Starmer’s UK Labour government escalates offensive against immigrants and asylum seekers

Robert Stevens


Within 48 hours of Labour coming to power, British Home Secretary Yvette Cooper announced the creation of a Gestapo-like Border Security Command (BSC).

Labour committed to more tightly policing the UK borders in its manifesto, along with setting up a Returns and Enforcement Unit to swiftly deport anyone deemed a “failed” asylum seeker. Making his first speech as prime minister on the steps of Downing Street, Sir Keir Starmer emphasised that his programme for “secure borders” would be enacted immediately.

Home Secretary Yvette Cooper at the National Police Chiefs' Council gathering, July 11, 2024 [Photo by Andy Taylor - Home Office/Flickr / CC BY 2.0]

The manifesto pledged, under the guise of breaking up the “criminal gangs who trade in driving this crisis” of desperate people trying to reach the UK via the perilous English Channel route, that Labour would create “a new Border Security Command, with hundreds of new investigators, intelligence officers, and cross-border police officers.” It added, “This new Command will work internationally and be supported by new counter-terrorism style powers”.

On mass deportations, the manifesto stated, “Labour will set up a new returns and enforcement unit, with an additional 1,000 staff, to fast-track removals to safe countries for people who do not have the right to stay here.
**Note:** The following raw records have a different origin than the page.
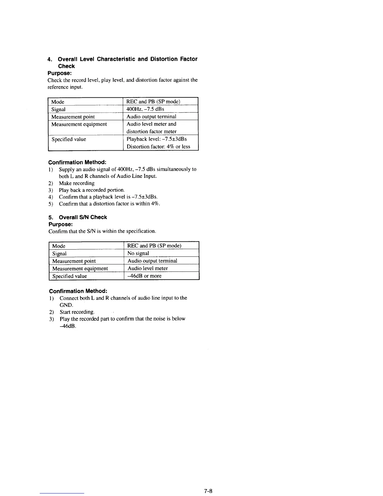 Sony SLV-E510EE - Overall Level Characteristic and Distortion Factor Check
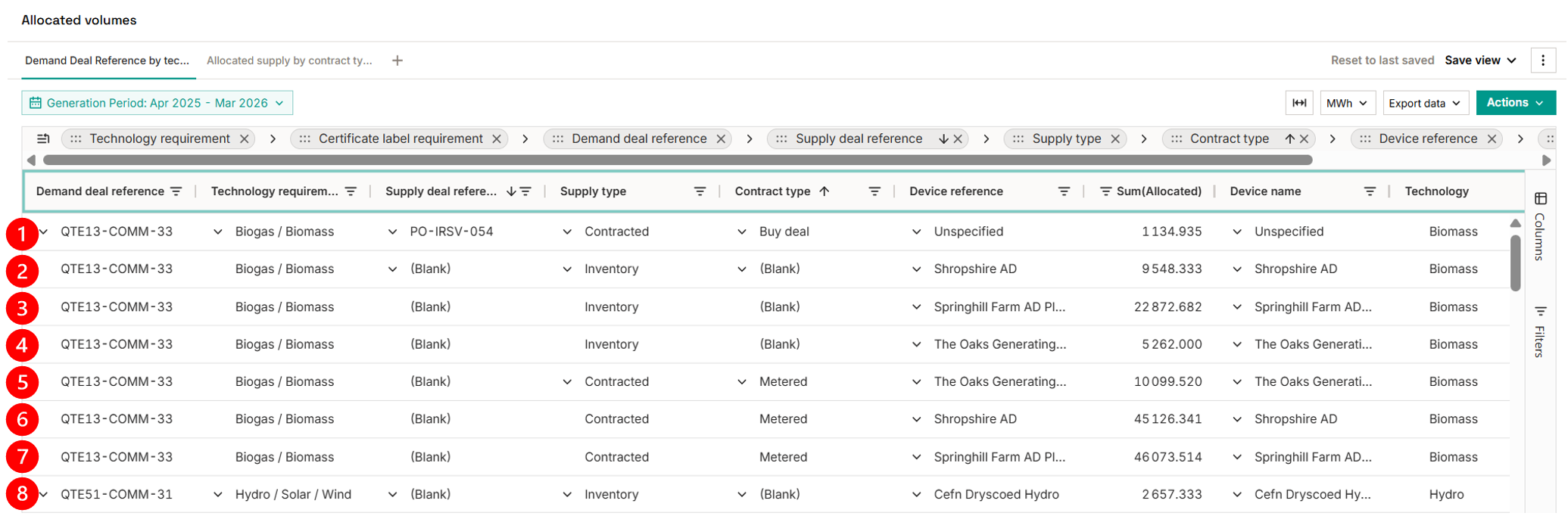 - #1 is an allocation from a future buy deal that has not yet been delivered. This can be deduced from the Supply type (Contracted) and the Contract type (Buy deal). In the Technology column we can see that the buy deal is restricted to Biomass, so we already know the technology. However, as the concrete EACs have not yet been delivered, we do not know which asset the EAC comes from (Device reference → Unspecified)
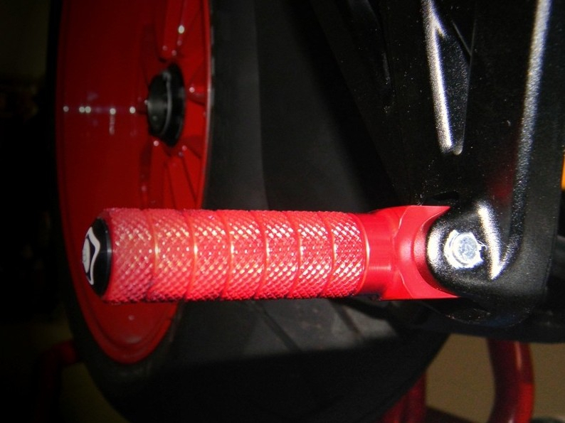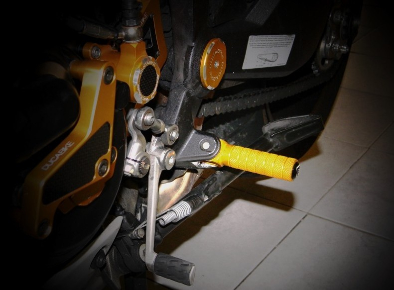 The adjustable rearset from DUCABIKE is billet alluminium (ergal), surface color anodizing.

We will negotiate additional returns arrangements to speed up returns and increase the number of safe countries that failed asylum seekers can swiftly be sent back to.”

A Home Office announcement made July 7 states that “the process of recruiting an exceptional [Border Command] leader used to working in complex and challenging environments, for example, at senior levels of policing, intelligence or the military, will kick off tomorrow.”

Reporting to Cooper, the “Border Security Commander will provide strategic direction to work across agencies, drawing together the work of the National Crime Agency (NCA), intelligence agencies, police, Immigration Enforcement and Border Force, to better protect our borders and go after the smuggling gangs facilitating small boat crossings.”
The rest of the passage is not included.